Susan, why would you be a troll about this?

In addition to private schools like Loyola University, Tulane University, and Xavier University (the latter of which is the only historically black Catholic university in the nation), there are the public University of New Orleans, Louisiana State University Health Sciences Center, and Southern University of New Orleans.

Does it make you feel better to mock smugly the people affiliated with these institutions who have now had their worlds turned upside down? Well, that’s nice for you. We all have our ways of dealing with grief, I suppose.


Tim 09.03.05 at 10:33 am


Jim Milles 09.03.05 at 10:44 am

Almost every law school in the US is offering to admit displaced students from Tulane and Loyola-NO as visiting students, at no charge. The list is at http://www.aals.org/neworleans/schoolsbystate.html


Claire Bowern 09.03.05 at 11:02 am

Actually, Jonathan, the host institutions don’t get the fees. Students who’ve already paid Tulane for the fall semester won’t be charged anything; those who haven’t yet paid will pay the host institution what they would have paid their home institution, and there is an expectation that the hosts will pass that on (this is from the American Council of Higher Education’s web site).

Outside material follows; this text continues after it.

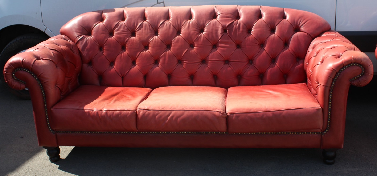1970s Pinky / Red Leather 3 Seater Chesterfield Sofa

I don’t think the students will be able to “stay wherever they’ve gone” – it’s an ad hoc arrangement for a single semester. If they want to stay permanently they’d have to apply for transfer in the usual way.

At this stage, Xavier has not cancelled fall classes and students from Loyala are being hosted by SMU.

Rice is also hosting Houston-area Tulane students and as “not averse” to making emergency sabbatical arrangements for faculty on an ad hoc basis. (Anyone this affects should contact me about this.)


jb 09.03.05 at 7:29 pm

as someone more or less professionally required to be up on various responses to katrina by higher education, i have to say the most comprehensively helpful resource is scup’s katrina list. “case’s crisisxchange”:http://ws1.case.org/cgi-bin/wa.exe?SUBED1=crisisxchange&A=1 has also proven pretty useful.

claire is correct that the institutions taking on crisis-affected students won’t be receiving any tuition dollars (for the most part – a few of the early offers didn’t specify that explicitly.) as far the length of the arrangements, well, that varies. some are saying a single semester, some a year. after which point, presumably, a student will either return to his original institution or formally apply to transfer to his benefactor institution.

as a side note, several schools are looking to take on affected faculty and staff in limited numbers as well. here’s one, chosen nearly at random:

bq. Rensselaer [Polytechnic Institute] has also offered to accommodate a faculty member or student life professional from these universities to assist in creating the conditions necessary for the students’ success.